Academic common room
MakkaPakkas · 06/08/2021 16:09
I've been offered a PhD and think I'm going to take it. I don't know many people well who've done one so was interested in advice and stories. Why did you do your PhD? What was fun about it? What was hard? Did it benefit you? What do you wish you'd known before you started?
Mine is paid, I'd do it part time, it has some taught elements at the beginning, broadly humanities & cross disciplinary and is with a cohort of 20 working in related areas.
MakkaPakkas · 06/08/2021 19:57
Just asked the same in HE as perhaps that's the more appropriate section.
Thanks by the way to those on here who advised when I was applying!
DrGilbertson · 09/08/2021 15:54
Congrats on a funded humanities PhD. That's really well done. Mine was a long time ago, and science so no real advice!
parietal · 09/08/2021 22:31
getting a funded phd is great, well done.
i'm also science so this may not apply, but my best advise would be to keep in touch with your supervisor. meet with them, listen to them and don't let them ignore you.
and if you have a phd cohort with you, then keeping in touch with the others in the cohort will also be v useful. a phd can be lonely, and having coworkers makes a big difference.
MakkaPakkas · 10/08/2021 08:44
Thanks, that's good advice @parietal I will be part of a cohort & will have two supervisors.
Novicegardenlady · 21/08/2021 15:05
I did a funded social sciences PhD and loved it. I loved exploring my topic, I loved the freedom and I absolutely loved writing up the thesis at the end!
Am in a bit of a rush ATM but be more specific if you want, here or through DM
mdh2020 · 21/08/2021 15:39
I did a PhD part time in 5 years with part funding and loved it. Be prepared for it to take over your life. I wrote one chapter of my thesis in Tuscany on a two week holiday.
I did it because I was interested in my topic but it helped me to get my dream job in HE.
My husband told me I would be 50 when I got my PhD and I pointed out that I would be 50 anyway so might as well have a PhD for my birthday.
Go to all the training sessions.
Keep multiple back ups of everything you write - email your work to yourself and to others, save on USB s.
Plan your work so you always know what you have to do next.

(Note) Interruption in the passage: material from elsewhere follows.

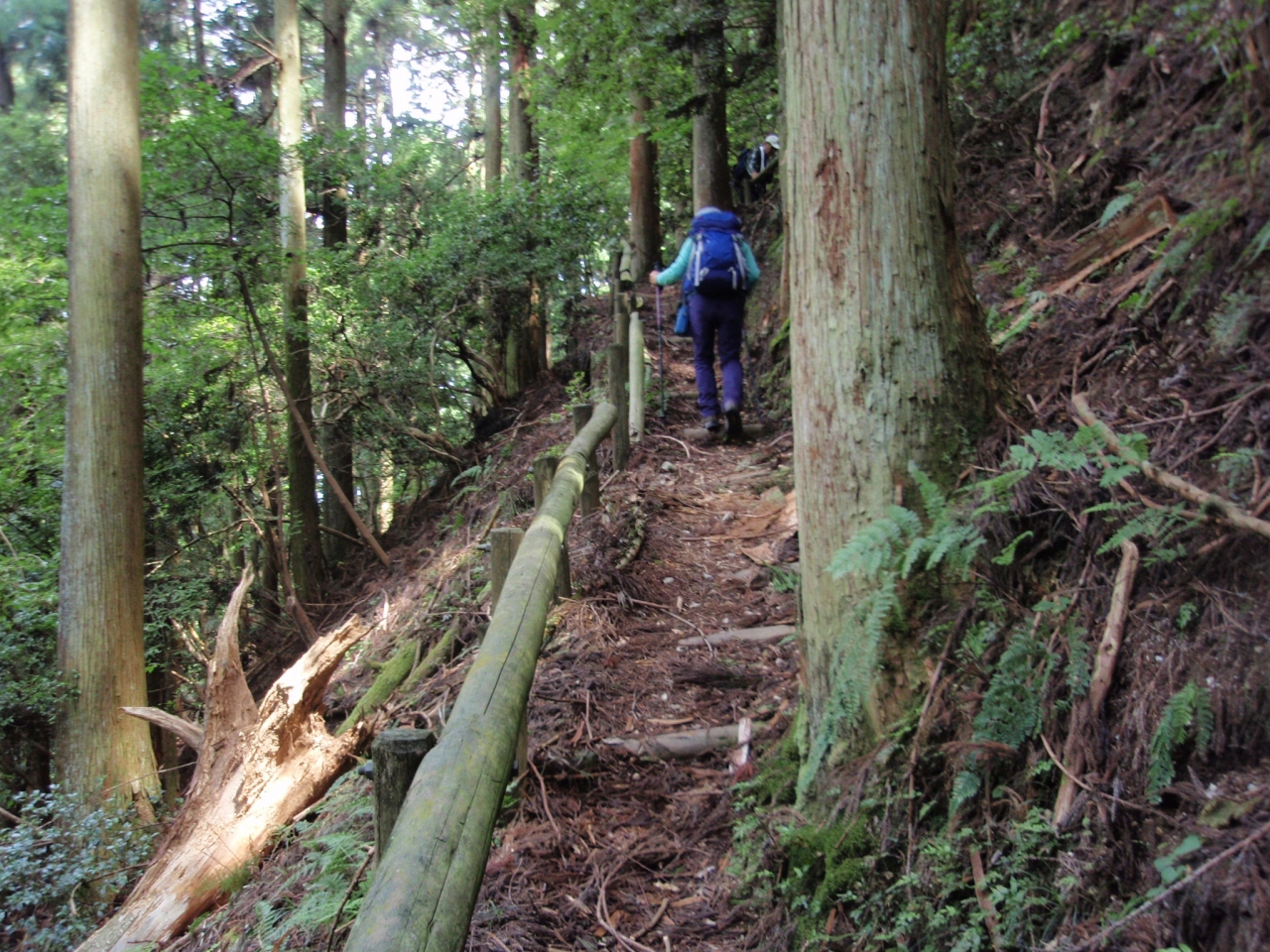 出町柳駅を出発し、茶山山頂(180M)で京都一周トレイル東山コース(以下京都トレイル)に合流し、石鳥居で京都トレイルと別れ、歩き始めて3時間一本杉に到着(標高600M)。展望が開け琵琶湖も見えます。下山は崇福寺跡、百穴古墳群を経由してJR大津京に下りました。百穴古墳群は石室の入口が穴のように多く見えるところから名付けられました。本日のコースは標高差520M,歩行距離16Kmと長いですが、一部の木段急登りが、急下りを除いて歩き易い登山道でした。ただし、下山した後、最寄り駅までの舗装道歩き45分は、気温34度と暑くバテました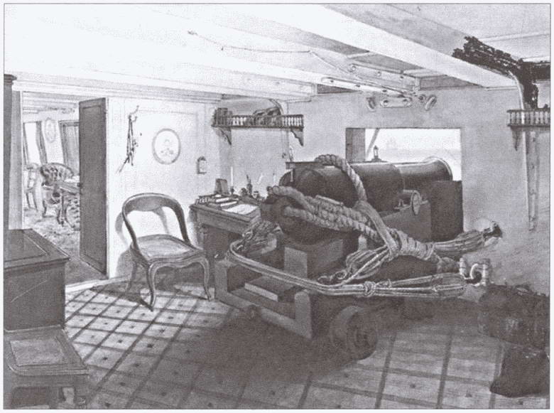Орудийный каземат фрегата «Ослябя». Художник А.К. Беггров

Supervisors like students who keep on top of the work and meet deadlines, who are organised and listen to them. I used to record my supervision sessions so I could listen at leisure and take in what was said.
Ask your supervisors about suitable conferences to attend and try submitting papers - you get used to talking about your research and answering questions on it.
Use an electronic referencing programme.
Write every day - even if you don’t use what you have written, practice is important.